» Work instructions: Return the lines of the listing below exactly as they appear, beginning at the one with "Kit com shampoo" and stopping after the one with "10月17日(金)任命式 公開日 2025/10/20"; do not include pictures.

» Material provided:

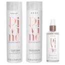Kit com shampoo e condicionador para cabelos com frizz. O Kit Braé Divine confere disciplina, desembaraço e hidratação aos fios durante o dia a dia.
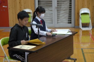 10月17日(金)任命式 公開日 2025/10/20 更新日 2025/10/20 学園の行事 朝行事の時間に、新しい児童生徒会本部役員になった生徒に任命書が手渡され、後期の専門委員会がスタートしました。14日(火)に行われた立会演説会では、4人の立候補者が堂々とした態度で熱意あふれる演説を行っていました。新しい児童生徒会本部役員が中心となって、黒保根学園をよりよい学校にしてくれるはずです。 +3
---
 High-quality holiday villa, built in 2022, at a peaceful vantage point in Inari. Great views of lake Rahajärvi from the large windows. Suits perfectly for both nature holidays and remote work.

» Exercise answer:
Kit com shampoo e condicionador para cabelos com frizz. O Kit Braé Divine confere disciplina, desembaraço e hidratação aos fios durante o dia a dia.
 10月17日(金)任命式 公開日 2025/10/20 更新日 2025/10/20 学園の行事 朝行事の時間に、新しい児童生徒会本部役員になった生徒に任命書が手渡され、後期の専門委員会がスタートしました。14日(火)に行われた立会演説会では、4人の立候補者が堂々とした態度で熱意あふれる演説を行っていました。新しい児童生徒会本部役員が中心となって、黒保根学園をよりよい学校にしてくれるはずです。 +3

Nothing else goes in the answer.